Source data
****

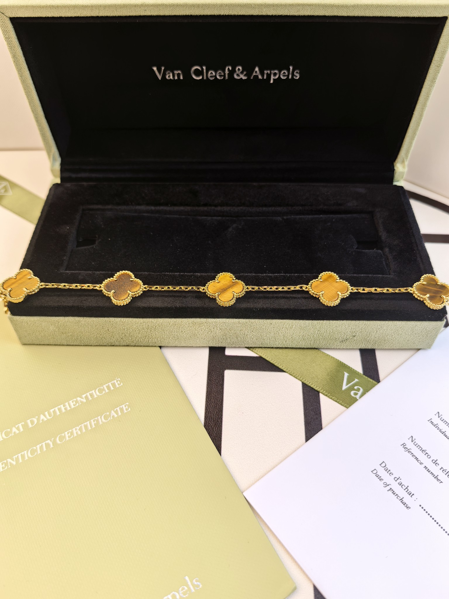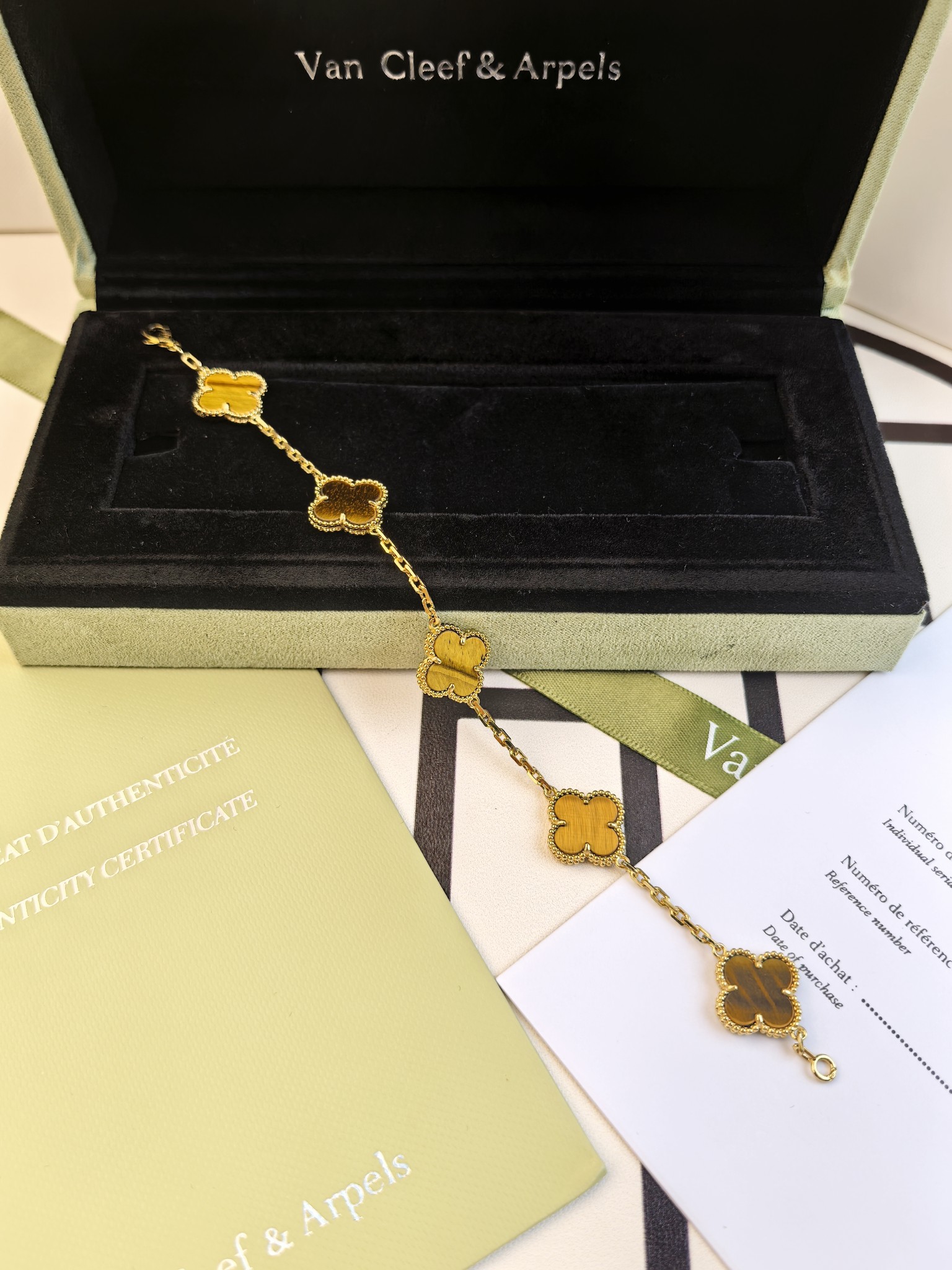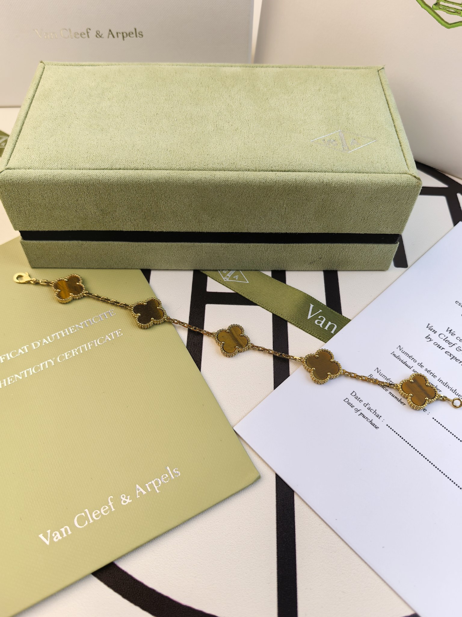 This jewelry is AAAAA 1:1 quality (superb). Materials used are identical to the original ones. Van Cleef & Arpels trademark marks are indistinguishable to the authentic. Photos take by actual jewelry, what you receive will be 100% same with our photos.
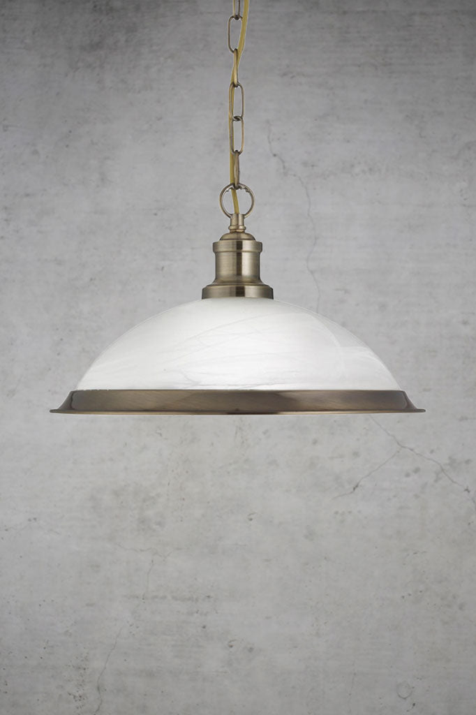 - Suitable for both residential and commercial applications this pendant is comprised of an opaque alabaster glass shades suspended by a metal bar with chain suspension and a rectangular ceiling rose.
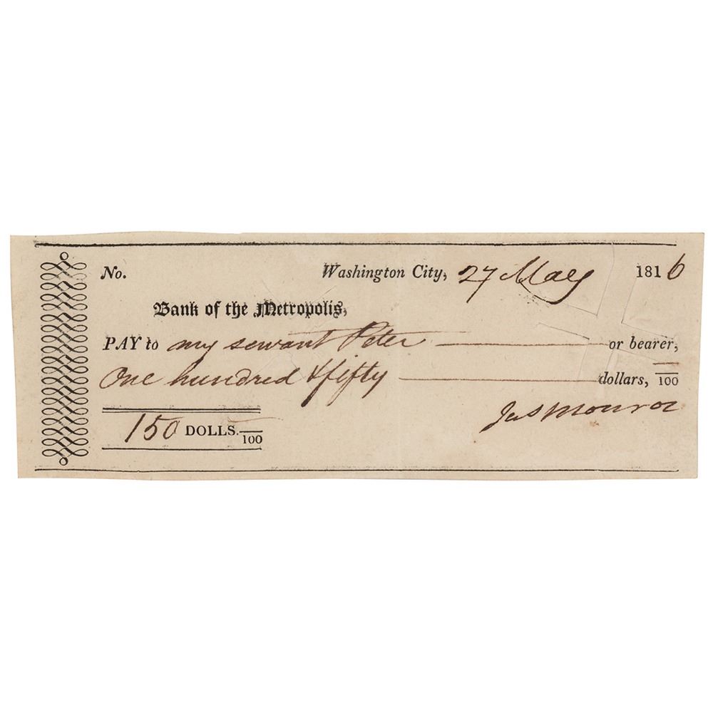 Rare Bank of the Metropolis check, 6.25 x 2.25, filled out and signed by Monroe, "Jas. Monroe," payable to "my servant Peter" for $150, May 27, 1816. In fine condition.
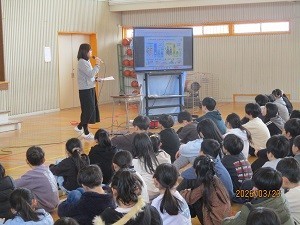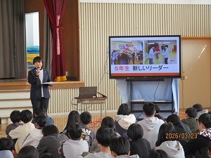 校長講話では、各学年の3学期の頑張りの姿を写真で振り返り、成長したことを子どもたちに伝えていきました。そして、自分の頑張りとみんなの頑張りにみんなで拍手を送り合いました。その他、生活指導担当の先生から、春休みの生活について交通事故やSNS使用の注意に関するお話がありました。最後にスポーツの大会の表彰を行いました。
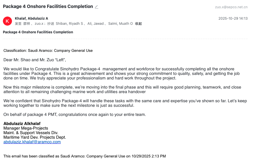 P4包陆域建筑物共48个单体,工程规模宏大、技术复杂、环境艰苦。10月29日,随着最后一个单体——B303多功能综合大楼完成全部尾项消缺并顺利移交,标志着P4包陆域建筑物移交任务全面告捷,项目建设进入最后冲刺阶段。P4包业主项目经理哈拉夫(Khalaf)发来感谢信,信中写道:“这一成就彰显了你们对质量、安全和按时完成工作的坚定承诺。我们由衷感谢你们在整个项目期间展现的专业精神和辛勤工作。”

****

→ **WHAT THE TASK ASKS**: Excluding images, return all of the records above word for word.

→ **ANSWER TO THE EXERCISE**:
 This jewelry is AAAAA 1:1 quality (superb). Materials used are identical to the original ones. Van Cleef & Arpels trademark marks are indistinguishable to the authentic. Photos take by actual jewelry, what you receive will be 100% same with our photos.
 - Suitable for both residential and commercial applications this pendant is comprised of an opaque alabaster glass shades suspended by a metal bar with chain suspension and a rectangular ceiling rose.
 Rare Bank of the Metropolis check, 6.25 x 2.25, filled out and signed by Monroe, "Jas. Monroe," payable to "my servant Peter" for $150, May 27, 1816. In fine condition.
 校長講話では、各学年の3学期の頑張りの姿を写真で振り返り、成長したことを子どもたちに伝えていきました。そして、自分の頑張りとみんなの頑張りにみんなで拍手を送り合いました。その他、生活指導担当の先生から、春休みの生活について交通事故やSNS使用の注意に関するお話がありました。最後にスポーツの大会の表彰を行いました。
 P4包陆域建筑物共48个单体,工程规模宏大、技术复杂、环境艰苦。10月29日,随着最后一个单体——B303多功能综合大楼完成全部尾项消缺并顺利移交,标志着P4包陆域建筑物移交任务全面告捷,项目建设进入最后冲刺阶段。P4包业主项目经理哈拉夫(Khalaf)发来感谢信,信中写道:“这一成就彰显了你们对质量、安全和按时完成工作的坚定承诺。我们由衷感谢你们在整个项目期间展现的专业精神和辛勤工作。”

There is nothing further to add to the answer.